Wednesday, May 16, 2012

Historical accuracy (and loving the haters)

I don't like it when people don't like my books – but I love it when they hate them. A writer wants to inspire passion, any sort of passion, to have the reader tell everyone they know about their book, and I'd much rather have a reviewer tell a thousand people how much they despise a book than have no one talking about it at all. I'm never going to be bothered by people's opinion of my work (though personally, I'm fragile, so please always tell me I look pretty, even if I don't.) The dear knows I don't like at least half the books I read (or start reading.) Bad reviews also tend to be the most entertaining, and the best thing about me (if I do say so myself) is that I think just about everything is hilarious.

But some people are saying Ladies in Waiting isn't historically accurate. Oh my, have you reviewers gotten my dander up!

A few reviewers have claimed that the female leads, with their unusual career choices and fairly strong wills, aren't realistic for the time. I feel compelled to point out that this isn't so. Yes, it was rare for women to be scientists or playwrights in the 17th Century, but Zabby and Eliza are based on real women of the time: novelist, philosopher and scientist Margaret Cavendish (who appears in the novel as Zabby's godmother) and playwright (and spy) Aphra Behn. So having two privileged girls who believe they can have what appear to be modern pastimes (or jobs) isn't particularly outlandish.

I've also been asked to provide some historical notes, about which parts of Ladies in Waiting are true, which fictitious. Those tidbits too will be forthcoming, and maybe I can update the paperback edition.

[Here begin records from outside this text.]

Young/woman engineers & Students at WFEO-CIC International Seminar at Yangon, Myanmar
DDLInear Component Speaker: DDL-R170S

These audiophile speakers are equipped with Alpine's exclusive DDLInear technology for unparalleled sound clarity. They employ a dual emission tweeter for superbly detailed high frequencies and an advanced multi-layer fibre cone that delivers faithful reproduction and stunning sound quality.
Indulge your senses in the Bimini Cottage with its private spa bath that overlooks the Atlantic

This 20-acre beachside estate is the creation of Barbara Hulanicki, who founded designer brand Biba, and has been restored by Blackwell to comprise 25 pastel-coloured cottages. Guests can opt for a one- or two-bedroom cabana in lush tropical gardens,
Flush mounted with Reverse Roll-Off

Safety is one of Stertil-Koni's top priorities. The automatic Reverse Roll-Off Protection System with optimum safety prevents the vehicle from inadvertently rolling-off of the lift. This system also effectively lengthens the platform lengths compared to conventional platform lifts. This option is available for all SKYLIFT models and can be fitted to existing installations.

I'll tell you more about Aphra Behn and Margaret Cavendish soon, but in the meantime, here is a picture of Cavendish, the leading female intellectual of her day – bare-breasted! Because 17th century women knew how to be sexy and powerful (even if they mostly used sex to get what they wanted.) Plus, breasts aren't the big deal modern people seem to think they are.


XO
Laura


Tuesday, May 8, 2012

“Pure filth, constant coarse sex talk, bestiality jokes, heroine attempts to seduce a married man, etc.”

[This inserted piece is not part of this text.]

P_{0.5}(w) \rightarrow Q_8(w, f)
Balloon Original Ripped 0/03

This review of Ladies in Waiting just tickles me. Take a look. I'll meet you right back here in a minute.


Will that sell books or what! Not so thrilled about the average-killing effect of a one-star rating, but hey, such is life. Can you imagine any better endorsement for curious teens than that headline? I wrote the dang thing and I want to re-read it.

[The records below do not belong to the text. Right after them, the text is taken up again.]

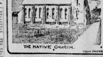
DIRECTED TO THE WORSHIP OF THE TRUE GOD BY THE CONFEDERATE INDIANS,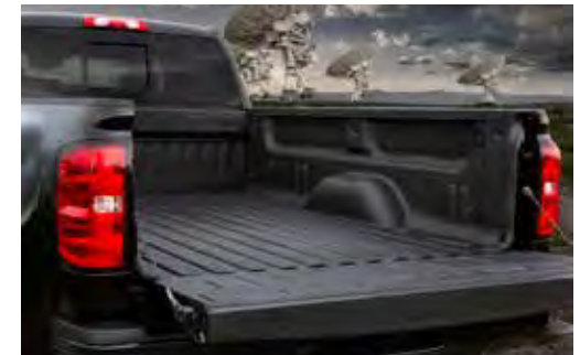
AVAILABLE EZ-LIFT AND LOWER TAILGATE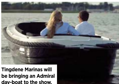
Tingdene Marinas will be bringing an Admiral day-boat to the show.

- An Admiral open day-boat requiring minimal maintenance and powered by a Mariner outboard.

Setting aside for the nonce that some of us don't think sex is filthy... (A friend of mine says if it's not filthy you're not doing it right, but she might have been talking about cooking, or gardening, or even child-rearing, I forget.)

Here's the thing – in Ladies in Waiting, no one has sex! Three young women who are relatively innocent, fairly smart, and have a pretty good idea what they want out of life (though they sometimes despair of achieving it) are thrust into a competitive, highly sexualized world where they make choices about whether to cling to their ideals.

The English court in 1662 sounds an awful lot like high school, right?

They are tempted, constantly, by sex and status, but stick to their guns. There is plenty of bawdry in Ladies in Waiting, but the heroines need something to resist, after all. Filth, pure or otherwise (and I do prefer mine pure) was a la mode in the Restoration, as evidenced by the poetry of Johns Wilmot, Earl of Rochester, by the plays of Wycherley and Etheredge, and by the example of King Charles II himself.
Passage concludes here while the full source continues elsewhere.